# BIG GAME in Acapulco Mexico



## Sailfisch (2. Dezember 2003)

Hallo Kollegen,
ich wende mich vertrauensvoll an alle, die vom Big Game Ahnung haben. Ich fliege am 1.1. für 17 Tage nach Acapulco (Mexico). Als leidenschaftlicher Angler will ich nunmehr auch einmal den größeren Meeresfischen nachstellen. Wenn also jemand Informationen hat oder sonst sachdienliche Hinweise beisteuern kann, so schreibt Euch ruhig die Finger wund, bin für jeden Hinweis, ob bezgl. Boote oder Angelmethode dankbar.

Gruß und Dank
Chester


----------



## Marco74 (3. Dezember 2003)

Im neuen Blinker steht ein ausführlicher Artikel über Big Game in Mexiko drin. Scheint recht günstig zu sein und eine Top Ecke für Sailfish.

Gruß

Marco


----------



## Micky Finn (3. Dezember 2003)

Hallo Chester,

zu Acapulco kann ich dir aus eigener Erfahrung nichts sagen. Hab vor Jahren zwei Wochen in Cancun verbracht. Fischen war zwar nicht der Hauptzweck der Reise aber wenn man schon mal vor Ort ist.... hier ein paar kurze Eindrücke.

Cancun wie auch Acapulco sind beliebte Reiseziele der US-Amerikaner. Enstprechend sind die Preise und der kommerzielle Charakter der ganzen Fischerei. 
Die begutachtung der Fänge bzw. Wimpel (catch and release) der Boote beim Einlaufen am Nachmittag und die Chartepreise haben mich dann bewogen vom Fischen Abstand zu nehmen.

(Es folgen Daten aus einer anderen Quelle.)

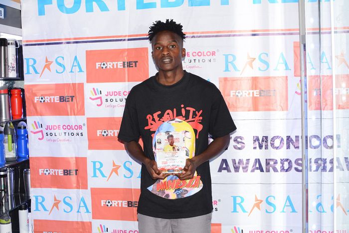 Uganda Hippos forward Rogers Mugisha poses with the Real Stars Player of the month award for February // Courtesy Photo
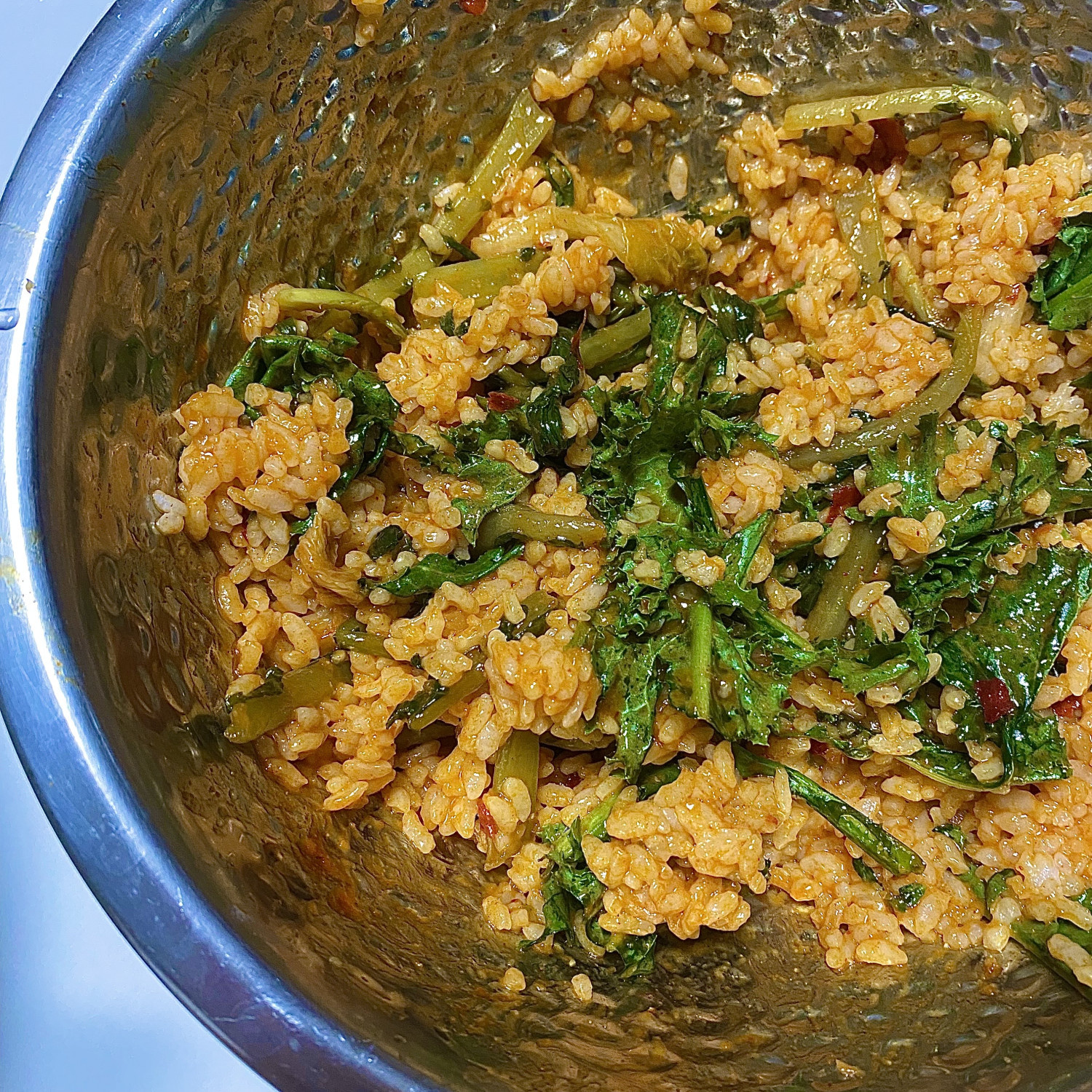 ヨルムキムチは、食べやすい大きさに刻みます。もしキムチの汁気が多い場合は、軽く絞ってください。次に、ご飯の上に刻んだヨルムキムチをたっぷりと乗せます。そして、コチュジャン、ニンニクのみじん切り、オリゴ糖、ごま油を混ぜ合わせたヤンニョムを回しかけましょう。最後に、炒りごまを振りかけると、彩りも豊かになります。
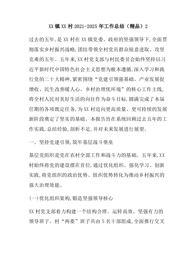 首页热门分类工作总结XX镇XX村2021-2025年工作总结(精品)2
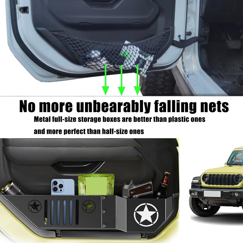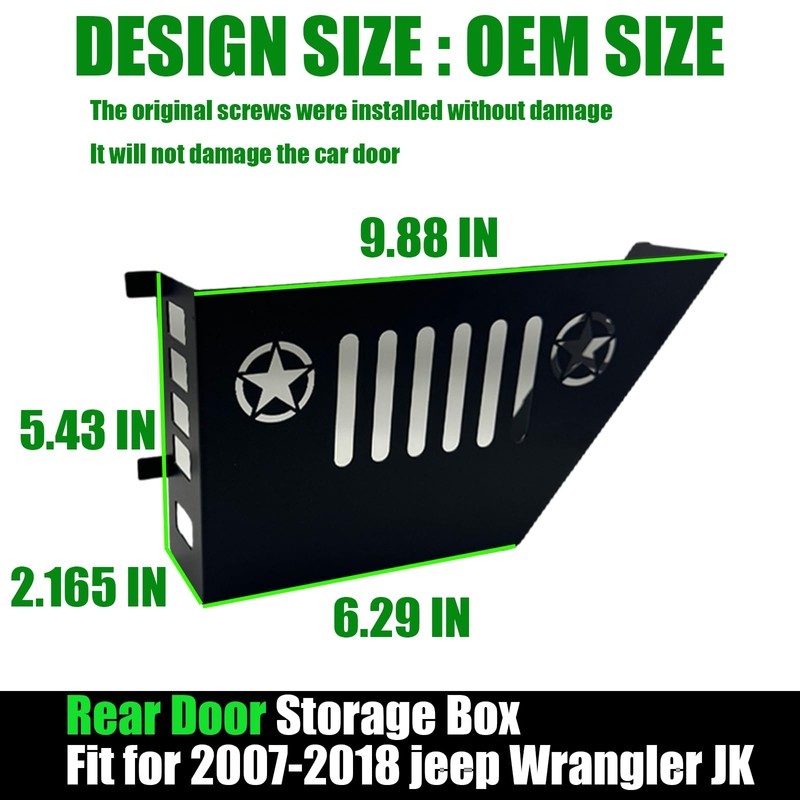 • JK door storage are designed for 2007-2018 Jeep Wrangler JK 2/4 doors.(NOT FOR JL.The requirements of JL are longer and larger.)
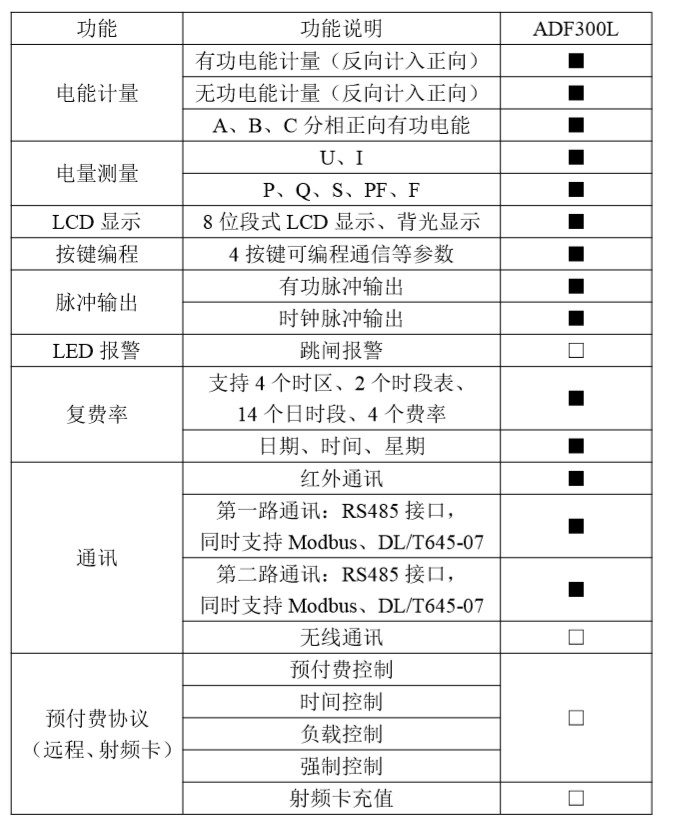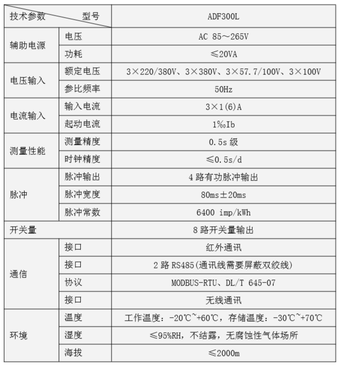 ADF300L 系列多用户计量表可以计量 4 路三相。该系列计量表因准确度高、集中安装、集中管理、互不干扰等优势深受小区、学校、企业等的青睐。计量表符合国标 GB/T 17215.322-2008。
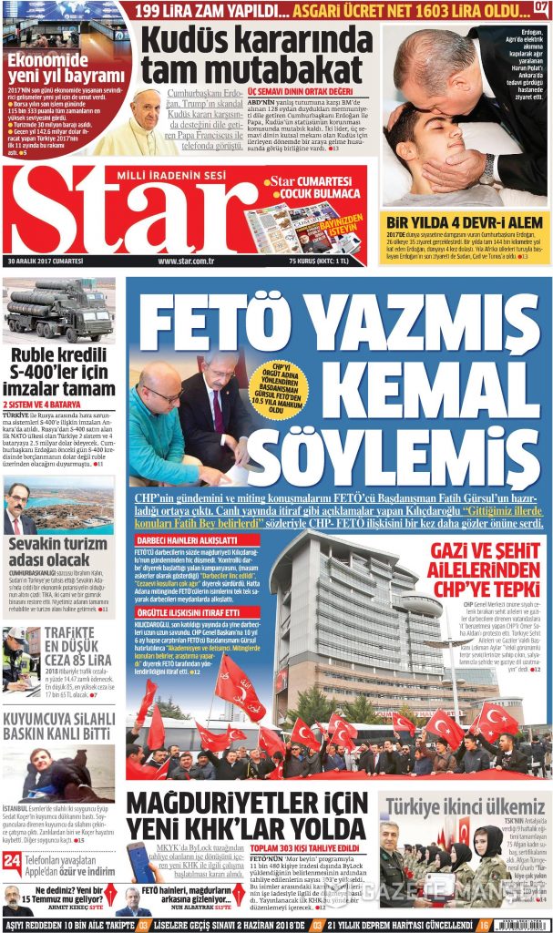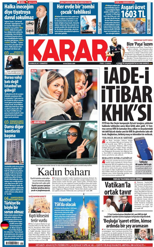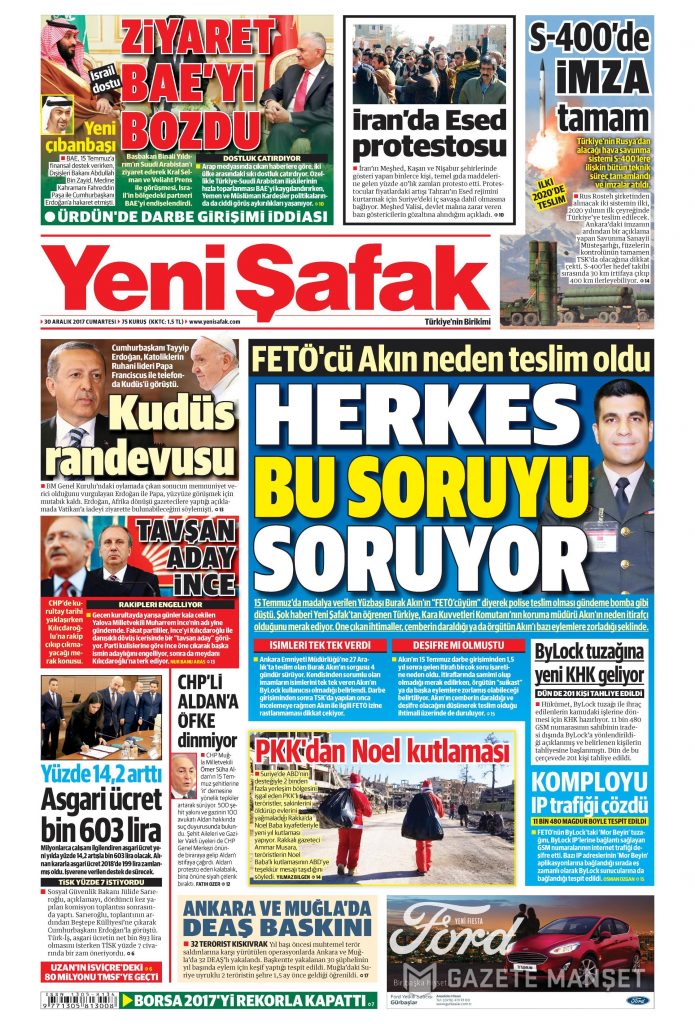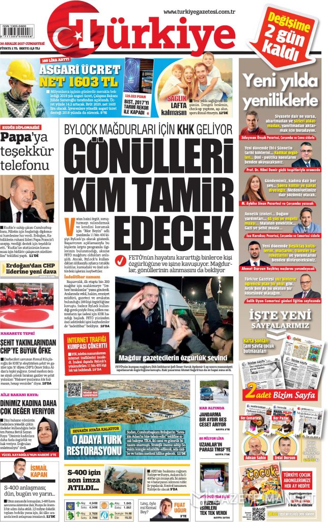 “ByLock kumpası” 30 Aralık tarihli gazete manşetlerinde de kendine yer buldu:
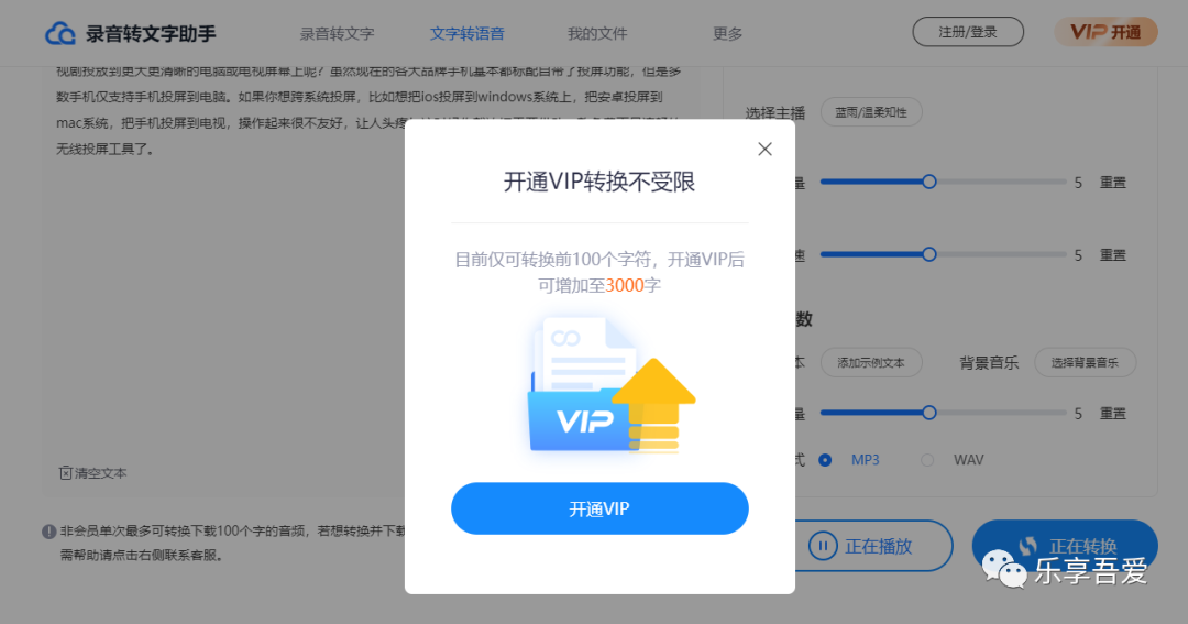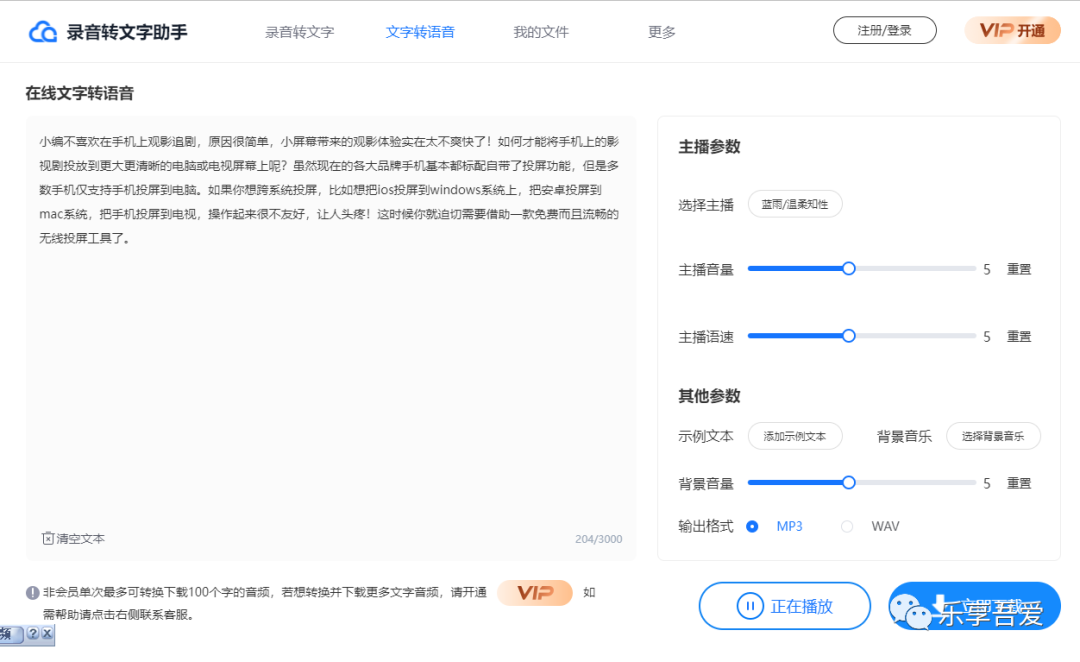 文字转语音,首先把文本复制粘贴到文本框,然后选择主播,还可以设置音量和语速,选择背景音乐和输出格式,所有的设置选择完毕后,点击"试听一下",即可播放。非会员单次最多可转换下载100个字的音频,若想转换并下载更多文字音频,请开通 VIP。

Habe kurz mit jemandem gemailt der der 2000 vor Ort war und will dir die Antwort nicht vorenthalten:

The main fleet for fishing in Acapulco is located on the coast highway at the northerly end of the bay. It is well marked and you can not miss it. 
The fishing is not very good there due to the distance needed to travel to the blue water. With fuel at over $2.00 a gallon, the boats are not going to make the run. 
The sailfish fishing is fair and is about the only decent thing they have. Catch and release is not practiced. 

Ich will dir deine Freude auf den Urlaub nicht dämpfen, aber sei nicht zu erwartungsvoll. Ein paar Info´s und aktuelle Charterpreise findest du hier: http://www.worldwidefishing.com/mexico/salt.htm

Andreas


----------